WHAT IS NEEDED |
Please restate, exactly as they appear, only the lines from the one that contains "with diagonal braking" to the final line of the entries, with no pictures.

(Source data)
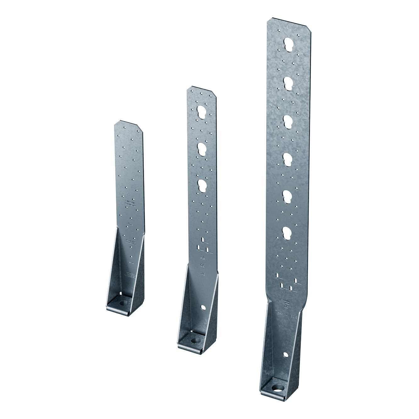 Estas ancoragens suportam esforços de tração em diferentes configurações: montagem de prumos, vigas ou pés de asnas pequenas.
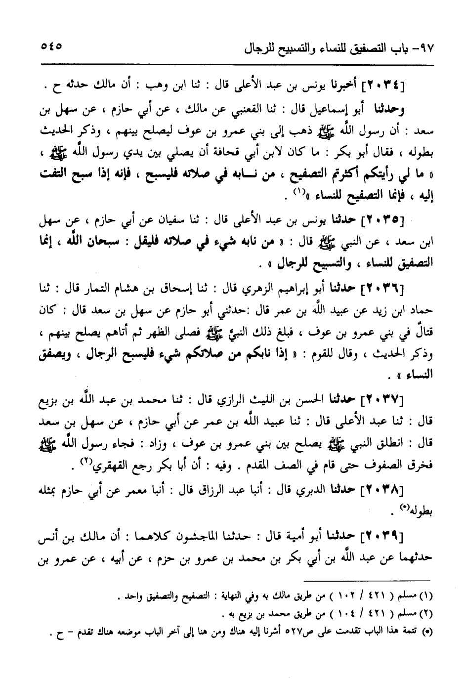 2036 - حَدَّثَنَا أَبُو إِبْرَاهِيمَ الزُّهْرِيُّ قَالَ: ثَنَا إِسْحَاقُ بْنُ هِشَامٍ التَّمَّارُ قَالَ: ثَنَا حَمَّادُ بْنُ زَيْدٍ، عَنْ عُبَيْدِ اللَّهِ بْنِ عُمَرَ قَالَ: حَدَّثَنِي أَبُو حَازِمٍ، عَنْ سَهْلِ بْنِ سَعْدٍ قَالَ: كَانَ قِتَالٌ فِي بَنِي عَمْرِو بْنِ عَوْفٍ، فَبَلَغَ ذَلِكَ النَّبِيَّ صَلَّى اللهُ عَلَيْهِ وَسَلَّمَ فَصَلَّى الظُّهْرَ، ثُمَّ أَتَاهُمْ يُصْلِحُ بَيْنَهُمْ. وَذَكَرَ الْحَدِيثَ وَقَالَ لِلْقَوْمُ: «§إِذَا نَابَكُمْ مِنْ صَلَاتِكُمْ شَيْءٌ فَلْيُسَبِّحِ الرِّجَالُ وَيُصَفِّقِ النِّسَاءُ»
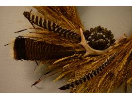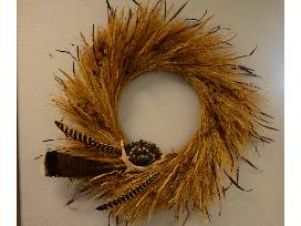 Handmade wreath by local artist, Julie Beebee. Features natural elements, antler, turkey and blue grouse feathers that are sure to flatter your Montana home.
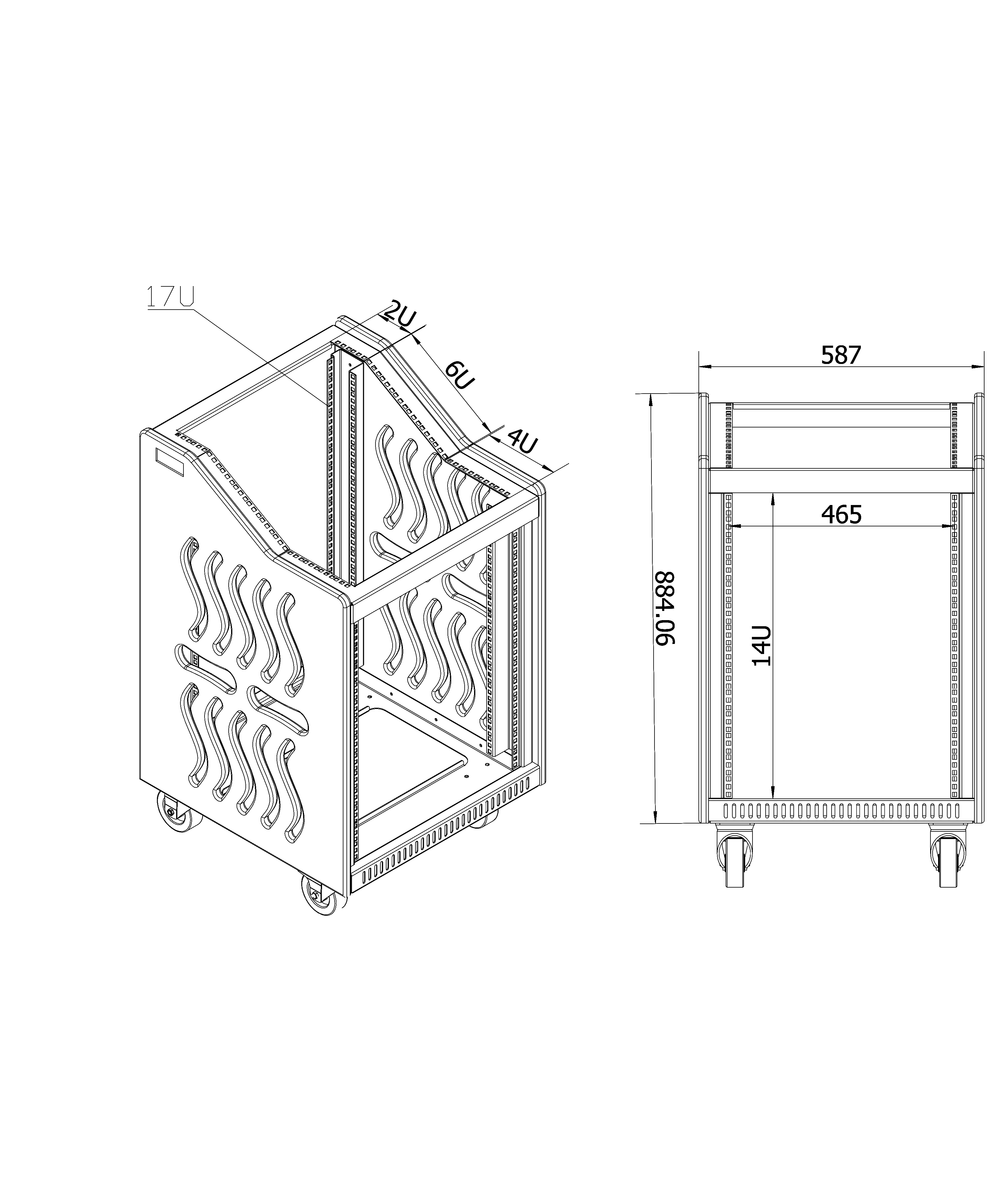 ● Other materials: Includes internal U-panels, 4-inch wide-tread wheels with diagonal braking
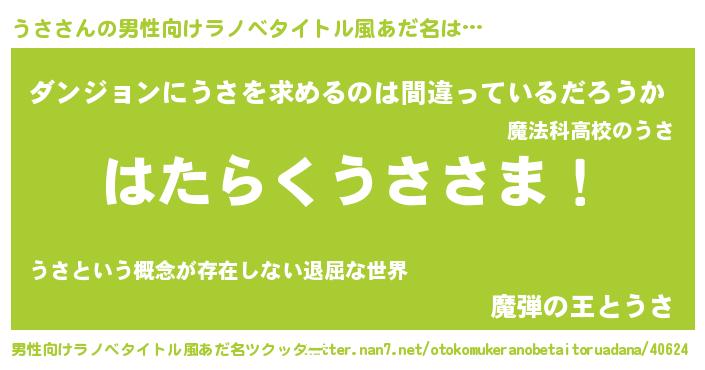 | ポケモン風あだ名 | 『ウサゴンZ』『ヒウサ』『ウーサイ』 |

SOLVED PROBLEM |
 ● Other materials: Includes internal U-panels, 4-inch wide-tread wheels with diagonal braking
 | ポケモン風あだ名 | 『ウサゴンZ』『ヒウサ』『ウーサイ』 |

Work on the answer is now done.